F1 in talks for a $600 million anti-dilution fund for the next Concorde Agreement: Reports

F1 Grand Prix of Monaco - Final Practice
Charles Leclerc of Monaco driving the (16) Ferrari SF-24 on track during final practice ahead of the F1 Grand Prix of Monaco

F1 is reportedly in talks with the teams for having a higher anti-dilution fund for the next Concorde Agreement beginning from the 2026 season and beyond. Heading into the new aero regulations in 2022, the commercial rights holders of the sport and the 10 teams on the grid signed a Concorde Agreement until the 2025 season.

It consisted of different aspects such as the prize money distribution at the end of each season and also added the anti-dilution fund to allow teams to make money from a potential new entrant on the grid. The fund was set at $200 million and was agreed by the team before signing the agreement.

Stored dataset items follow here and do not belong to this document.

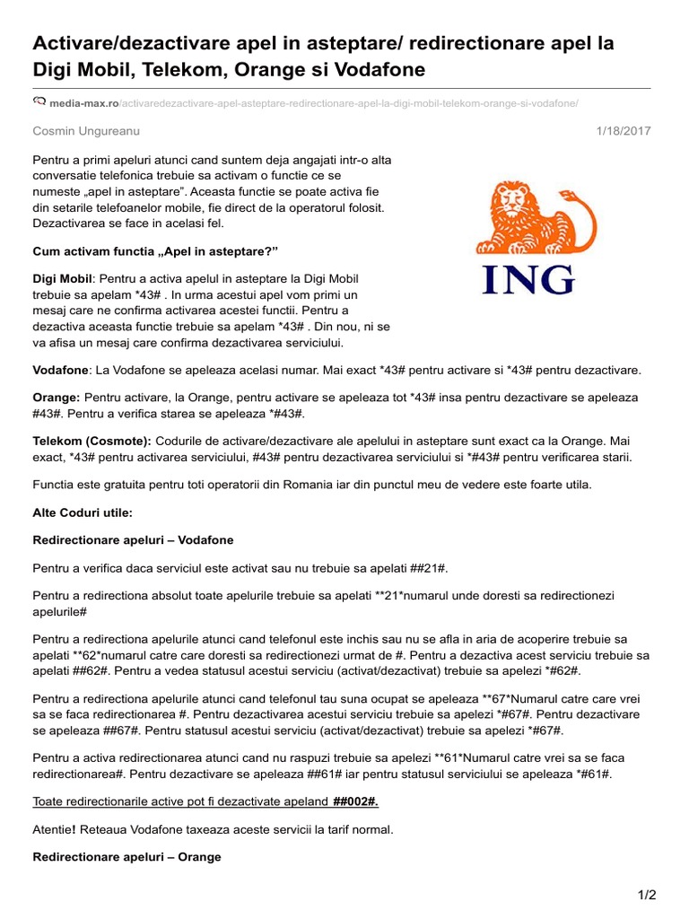 Activare Dezactivare Apel In Asteptare Redirectionare Apel La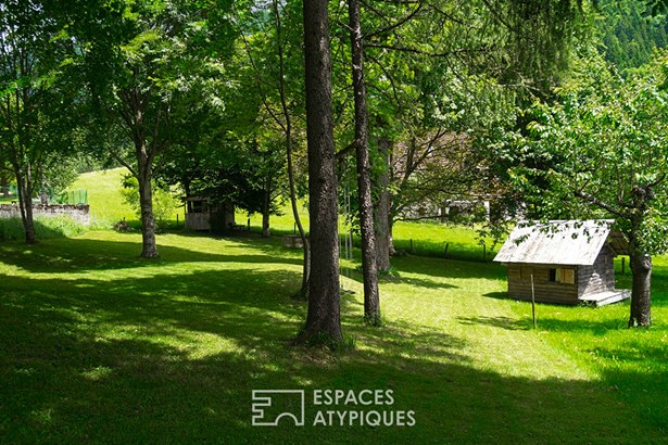 The second part, gained from the original outbuildings, also takes up, with its many wooden reminders, the codes of high-altitude properties. More open, with its harmonious double-height volume, more refined and more contemporary, it offers a beautiful contrast with the previous place. Accessible from the garden by an external staircase, it is composed, on three levels, of an attractive living room with kitchen, a pleasant mezzanine, four beautiful bedrooms, a shower room and at the top, an attic space ideal for children. On the ground floor, a bathroom with its laundry area, toilets, a workshop and a large shed complete the property and offer the essential storage and storage rooms.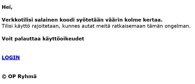 The messages may say that the customer would have entered the online bank’s password incorrectly and request the customer to restore the user rights by clicking on the link. The link in the message may direct you to a phishing website that resembles OP eServices. The fraudster requests you to give, for example, your eServices user identifiers and your password.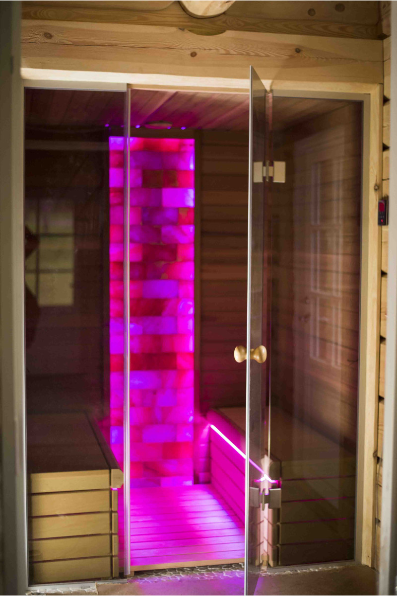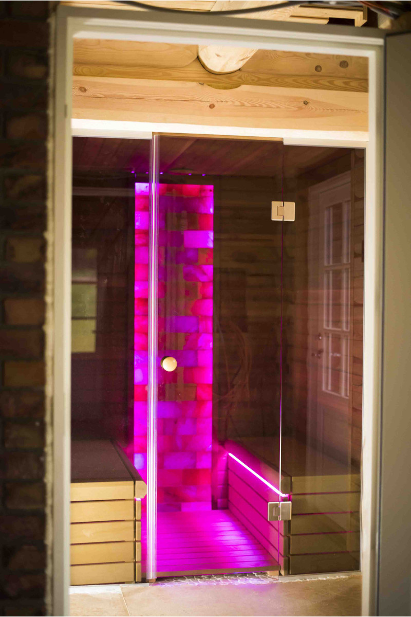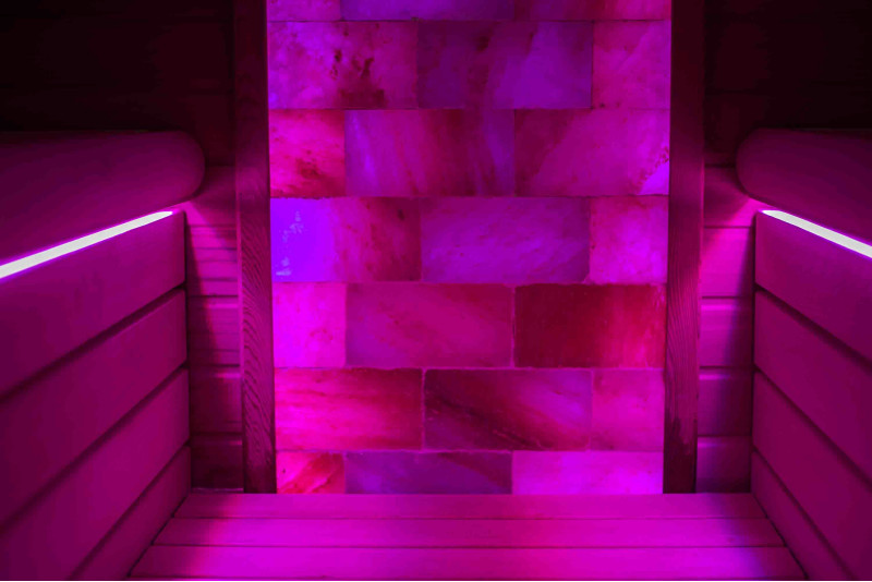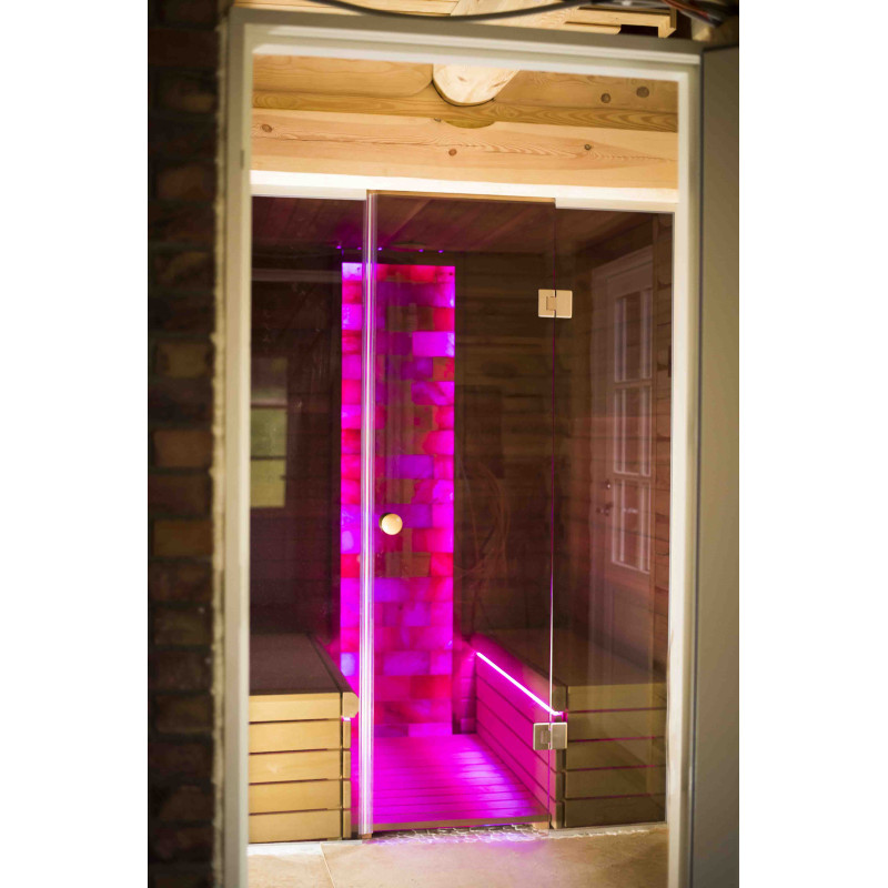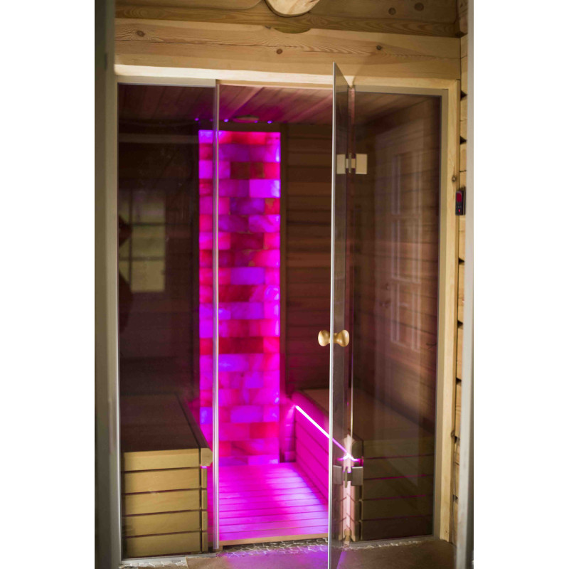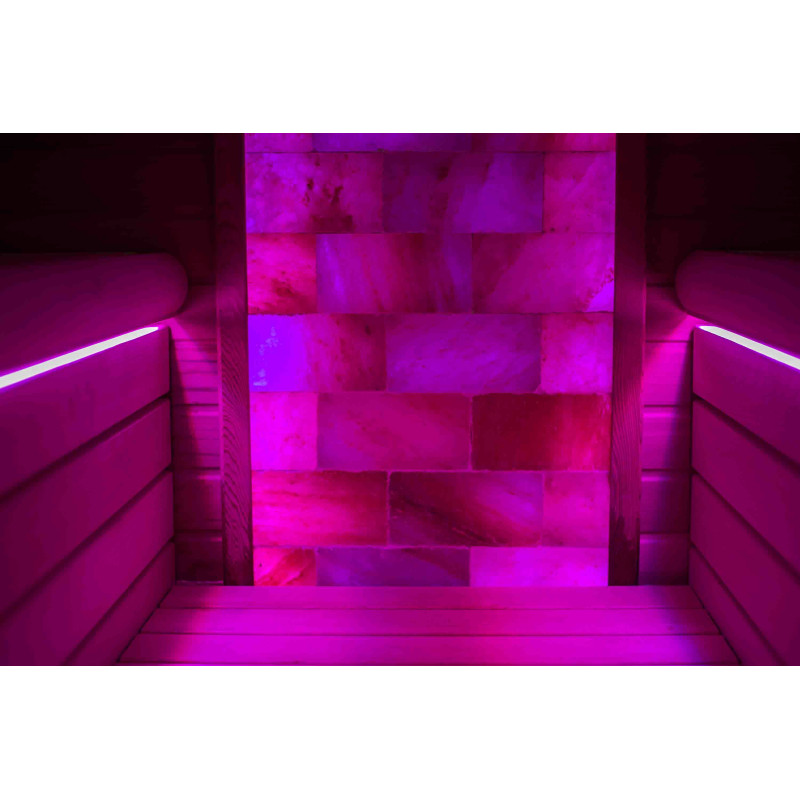 The Himalayan salt brick wall chosen for the decoration of the sauna with the built-in colored RGB lighting, controlled by a wireless color changer, creates a cozy environment and further enhances the effect of the sauna.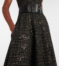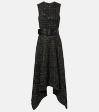 The Okimi dress from Safiyaa is cut from tweed and flows down to an asymmetric, midi-length hemline. This design features a checked pattern, sequin embellishments, and a detachable belt that cinches securely around the waist. Product Details - Material: 70% polyester, 30% acetate - Care instructions: spot clean - Made in Lithuania - Designer color name: Black & Gold - Item color: black, gold - Material II: 40% polyurethane, 32.5% cotton, 17.5% polyester, 10% other fibres - Lining: 52% viscose, 48% acetate - Detachable belt - Closure: zipped back, hook-fastening back - Hem: uneven - Item number: P01078653 Size & Fit - True to size - Cinched waist - Non-stretchy fabric - The model seen in the picture is 178cm-5'10" and wearing a size FR 36
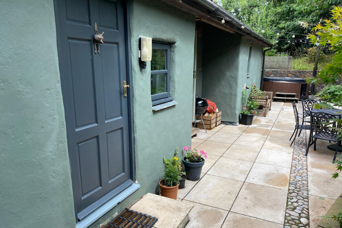 Outside has a large lawned garden and patio area with a table and chairs, perfect for sitting out of an evening with a glass of wine.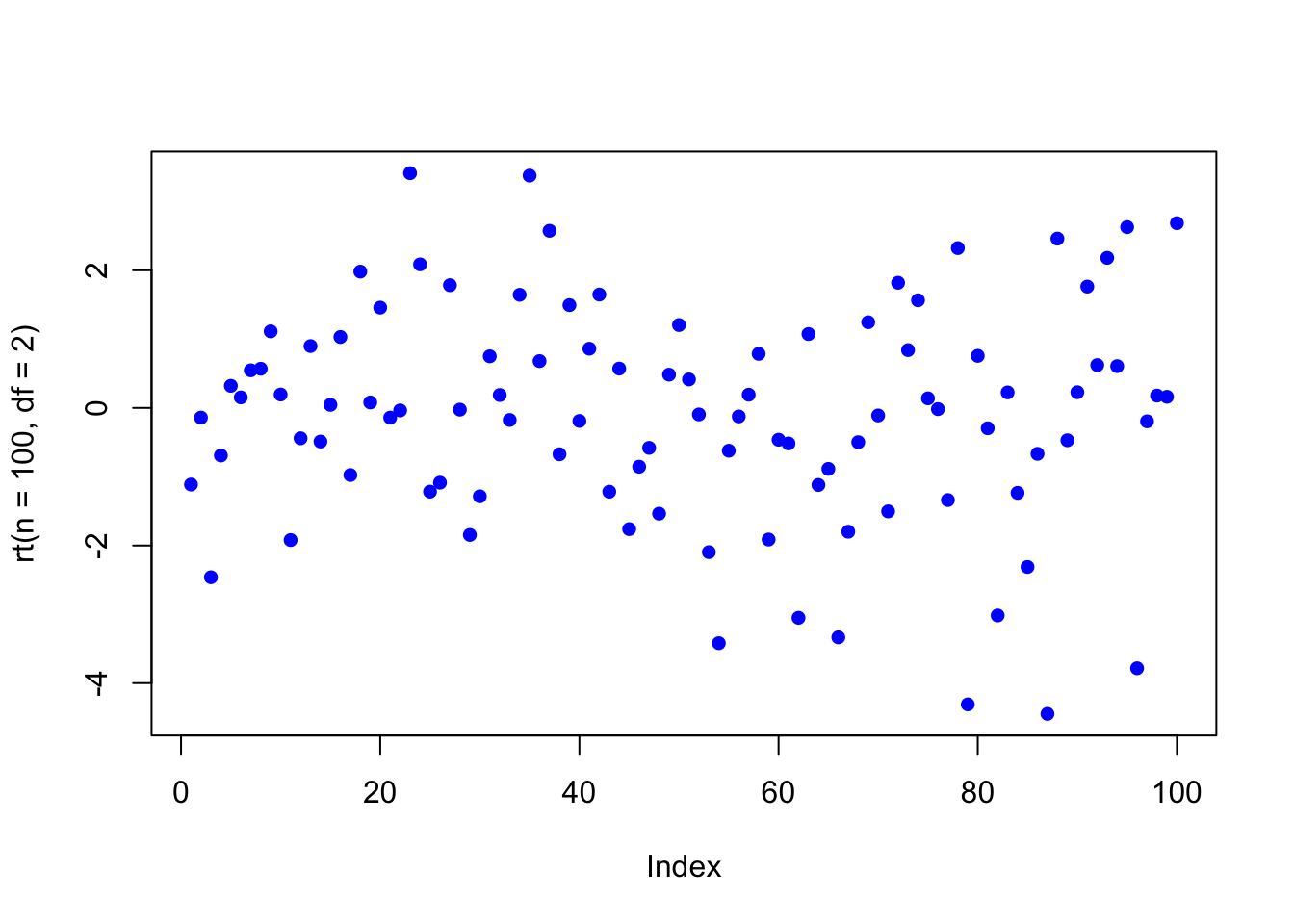 plot(rt(n = 100, df = 2), pch = 16, col = 'blue')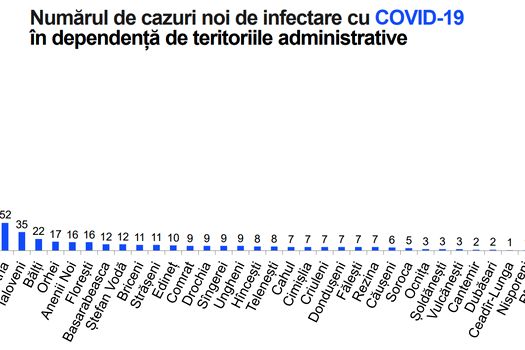 Situaţia cea mai gravă este în capitala Chişinău unde au fost confirmate în 24 de ore 329 de cazuri. Pe locul doi în clasamentul negativ al infectărilor se află Transnistria cu 52 de cazuri.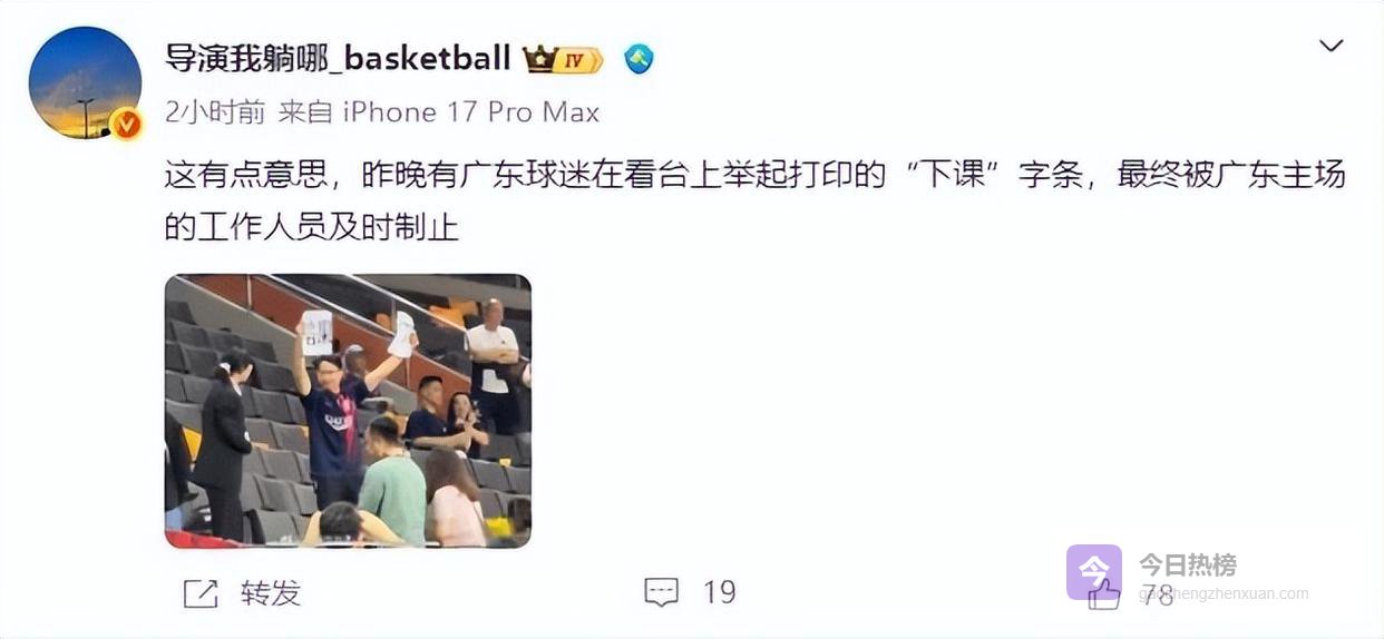 广东男篮最近输多赢少,引发了广东球迷的极大不满。据媒体人“导演我躺哪儿”透露,在广东男篮主场被北京男篮逆转后,现场有广东球迷手举印有“下课”的打印纸。不仅如此,上一轮广东男篮大胜四川男篮后,杜锋在接受采访时,也有现场球迷大喊“杜锋下课”,随后被保安请了出去。这几名球迷的做法,得到了不少广东球迷的支持。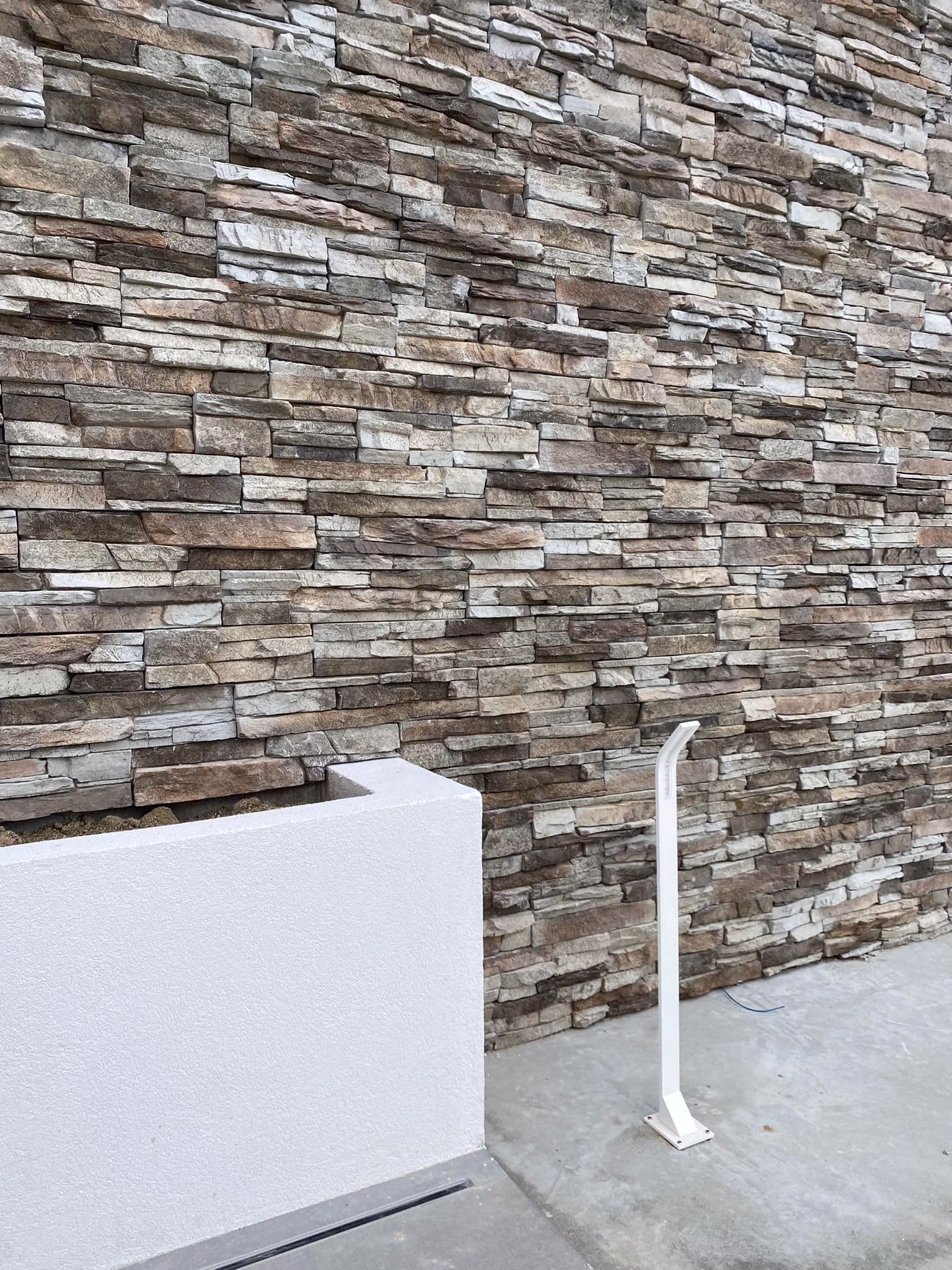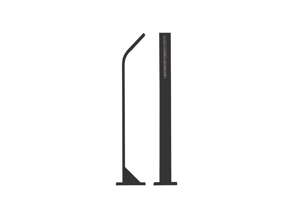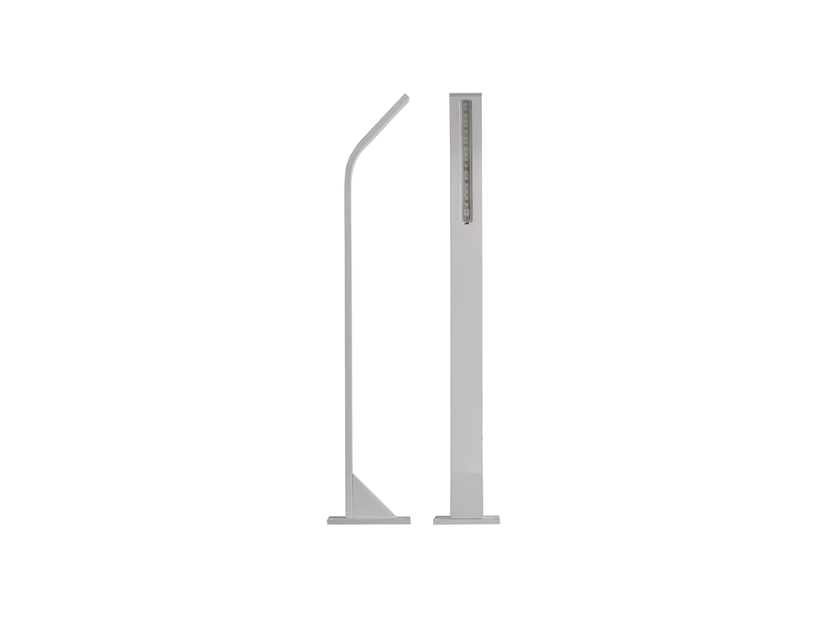 Ledbelysning riktad snett nedåt. Vit armatur. 75cm hög.
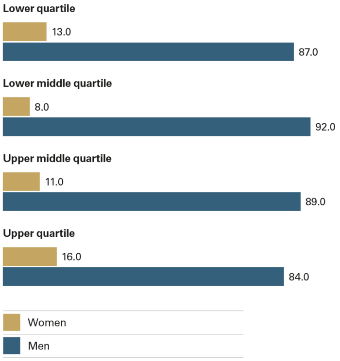 Across the UK, women are more represented in the upper pay quartiles which is driving the negative gender pay gap.
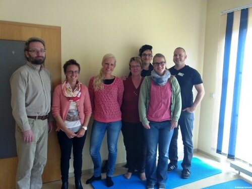 Am Nachmittag vermittelte Frau Neumann Kenntnisse zu Entspannungstechniken und leitete die Mitarbeitenden bei den einzelnen Übungen dazu an.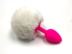 Розовая анальная пробка размера S с пушистым белым хвостиком зайки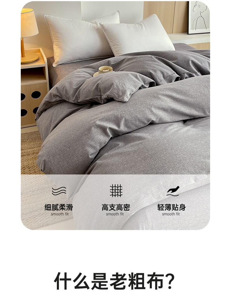 春皖家纺 2026高端直播热卖非遗A类全棉老粗布加厚床单款三件套-普通款单被套 墨攻

However, as per Motorsport.com, during their discussions for the new Concorde Agreement for the 2026 season, F1 teams are pushing for the value of the fund to be increased from $200 million to $600 million, rising to $700 million from 2028 onwards.

The Formula 1 teams are billion-dollar entities and have seen their valuation increase in the budget cap era substantially with even the worst finishers being profitable. They believe since their market value has increased since the last Concorde Agreement, the new entrant should pay the value as per their current valuation.

Furthermore, the teams have also included an additional hurdle for the new entrant as they won't be subjected to any prize money in their first year in the sport. The reports of increasing the anti-dilution funds come on the back of American giants Andretti pushing for a slot on the grid in the future.

Red Bull F1 team boss gives his response on welcoming Andretti to the grid

Andretti Autosport was denied an entry on the F1 grid by Formula One Management (FOM) as the latter believed that they wouldn't be adding any value to the sport.

Speaking in the pre-race press conference in Monaco, Red Bull team principal Christian Horner suggested that the best route for Andretti to enter the grid should be acquiring a current team like Audi's acquisition of Sauber. He said:

"Yeah, absolutely. I mean, I think Andretti has a great racing heritage. Mario is a legend of the sport. And of course, Cadillac, a huge automotive manufacturer from the US. I think Formula 1 have said in 2028, that if they were to come with their own engine, they would obviously, I think, review it."
"But in addition to that, I think that if Andretti were to want to come, a little like Audi acquired Sauber, I think to protect the current franchise and stability that we have in the sport, then obviously their best route to goal is to acquire one of the existing teams."

After being denied entry for the 2026 season, Andretti are focused on getting into F1 by 2028 and have even set up a base in the UK to further push their bid.